Avoiding Citizenship Discrimination: Recent Fines Highlight Need to Review Company I-9 Policies

Last week, a California farm labor contractor agreed to pay the U.S. Department of Justice’s Office of Special Counsel (OSC) a penalty of $320,000 for allegedly discriminating against U.S. permanent residents. The OSC claims that Luis Esparza Services, Inc. required green card holders to present specific documents when verifying their work eligibility because of their citizenship status, in violation of the Immigration and Nationality Act.

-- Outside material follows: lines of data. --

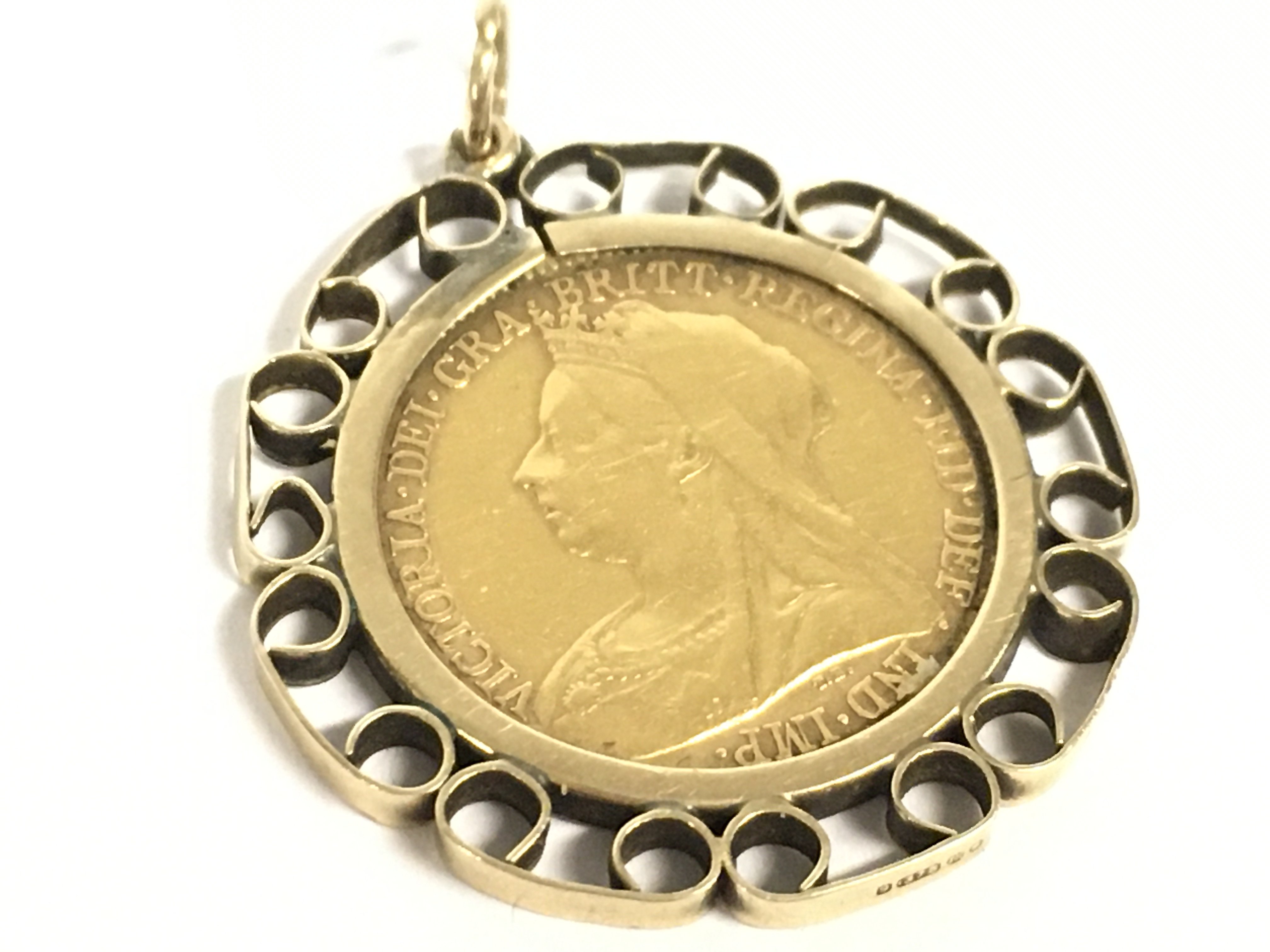 A 1899 half Sovereign in a mount, 5.7g. Postage category a
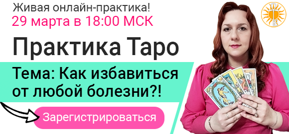 Здравствуйте, друзья! ❤️ Сегодня я хочу пригласить вас на очень важную живую практику, посвященную нашему здоровью. ❗️Гадание на здоровье всегда считалось одним из самых сложных. А мы с вами докажем, что это не так! Что получить подробный и понятный ответ от карт может каждый. 🗓 В воскресенье мы будем читать ваши расклады на очень важную тему: “Как избавиться от любой болезни?!” А также поговорим о том, можно ли избавиться от любой болезни и как это сделать. ➡️ Переходите по ссылке и сдавайте задание. На живом эфире мы встретимся 29 марта в 18:00 МСК. 🎁 А ещё в воскресенье мы разыграем мою колоду Таро “Магия Драконов“. Хотите получить ее в подарок? 🕔 У вас есть время сделать и сдать задание. Возможно именно ваш расклад мы разберем в это воскресенье! До встречи в эфире! 🌞 УЧАСТВУЮ В ПРАКТИКЕ
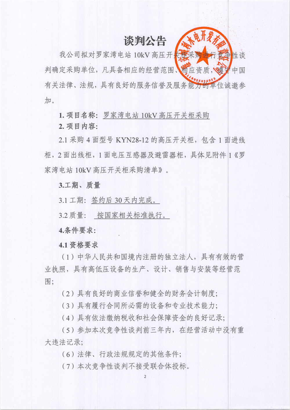 城利水電公司羅家灣電站10KV高壓開關柜柜采購競爭性談判公告
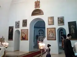Алтарь сложной формы. Он состоит из апсиды с двумя помещениями. Стены и купол были расписаны фресками XIX века (не сохранились).
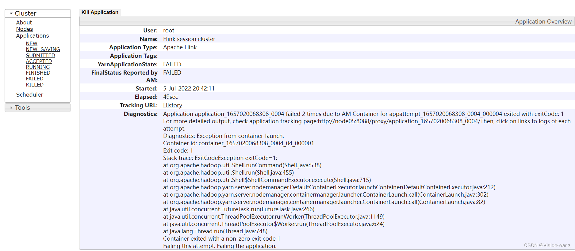 这是命令行的报错,大概意思就是容器container启动错误,为什么错没有描述清楚,详细的信息他说可以通过下面地址进行查看http://node05:8088/proxy/application_1657020068308_0004/Then
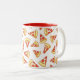 Este teste padrão pizza-temático moderno do divertimento é apenas a coisa para todo o amante dos pepperoni. Teste padrão sem emenda desenhado mão das fatias de queijo da pizza de pepperoni impressas na caneca branca do dois-tom com um interior do vermelho rico.
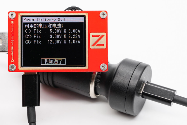 使用ChargerLAB的POWER-Z KT002读取车充的快充协议,实测支持PD、Apple2.4A、QC2.0、QC3.0、AFC、FCP、MTK-PE等快充协议。
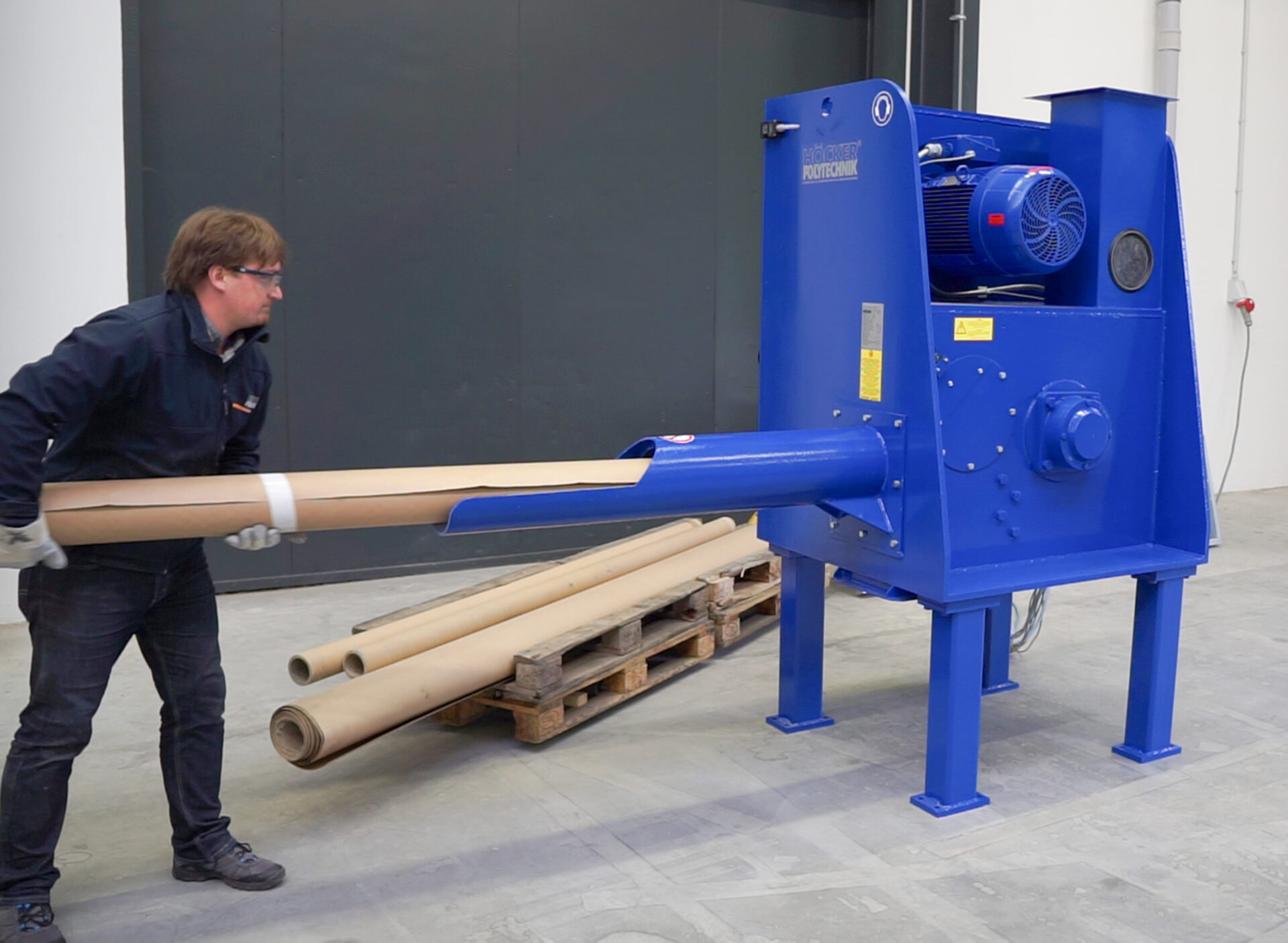 Bruno Schmitz, operations manager at Smurfit Kappa in Euskirchen, explains: “We have a powerful disposal center with a bale press and a feed with a chain conveyor belt. All maculation shieets and production residues are baled here. At the beginning, we also tried to process the cores with the existing system, but after the carriers were damaged twice and we had repairs of several thousand of euros, we realised we had to find a solution for treating the cores that was easier on the baler. We have had the PHH core shredder at work here since the beginning of 2015. The cores are shredded into palm-sized pieces and then can be processed easily without damaging our equipment. We are glad that the cores are no longer an issue for us. Within 2.5 years the investment in a core-free bale press will pay for itself.”
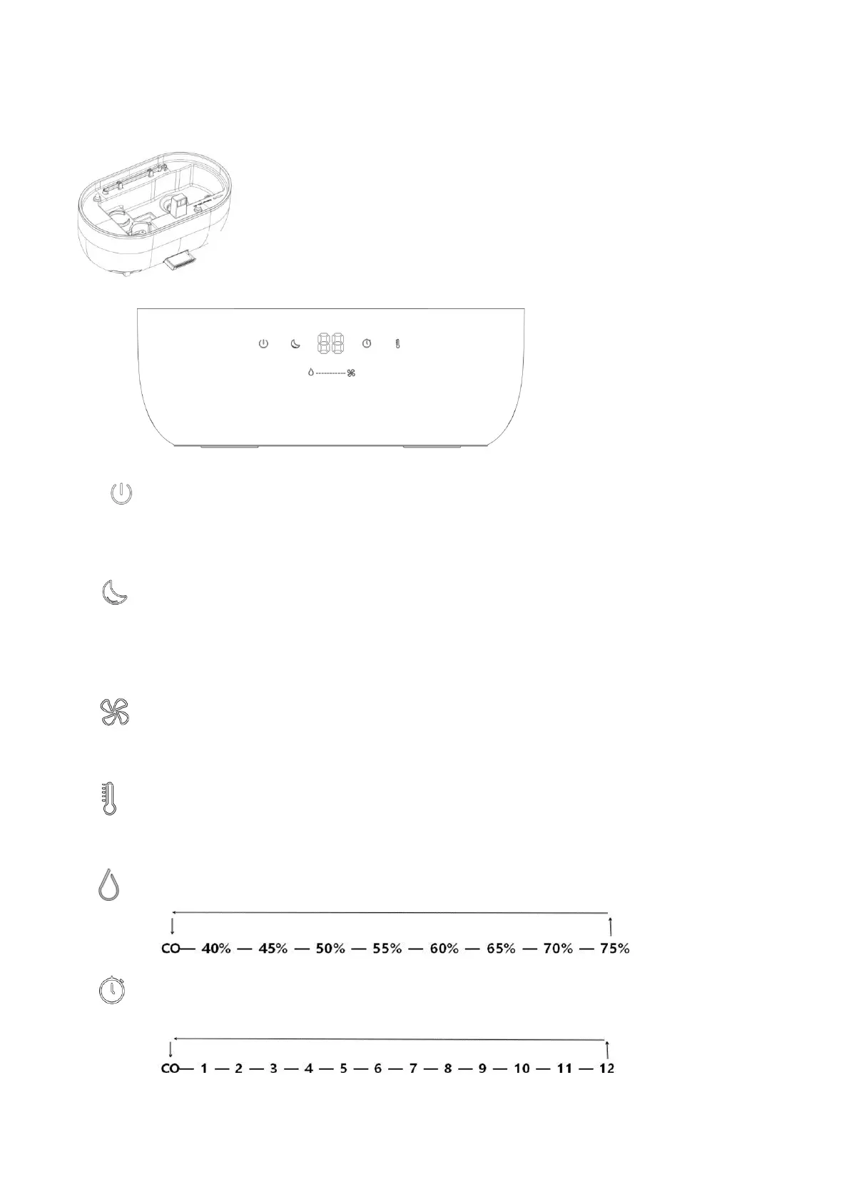 Den ønskede relative luftfugtighed kan indstilles fra 40% til 75% i trin på 5% eller CO for

Under the law, employers must verify an employee’s identity and work eligibility on Form I-9 within three days of hire. However, employers cannot tell employees which documents to present. Telling employees who are not U.S. citizens that they must present certain documents to show their work eligibility during the hiring process is citizenship status discrimination. For example, when discovering that an employee is a U.S. permanent resident, the employer cannot require that employee to produce his or her green card to establish work eligibility. It’s important to note, though, that only U.S. citizens, permanent residents, refugees and asylees are protected from citizenship status discrimination; this law does not extend to nonimmigrants (such as employees in H-1B status) or individuals who are undocumented.

Although it’s not clear whether Luis Esparza Services, Inc. was enrolled in E-Verify, OSC appears to be stepping up its enforcement efforts in part due to access to E-Verify statistics. Based on a 2010 agreement, U.S. Citizenship and Immigration Services refers discrimination matters to the OSC along with relevant information from the E-Verify system. Therefore, if an employer always indicates that U.S. permanent residents verify their employment eligibility by presenting their green cards, this can raise a red flag in E-Verify prompting an investigation.

Particularly because of this increased enforcement, Grzeca Law Group encourages employers to have a formal I-9 policy in place, as well as standard operating procedures if the company is enrolled in E-Verify. In addition, employers should regularly train everyone who completes I-9s and enters information into E-Verify to ensure that they aren’t inadvertently violating the law. It can be tough to walk the line between ensuring that employees are eligible to work while also being careful not to discriminate through improper document requests. However, having written policies and a track record of training can show an employer’s good faith effort to comply with the regulations.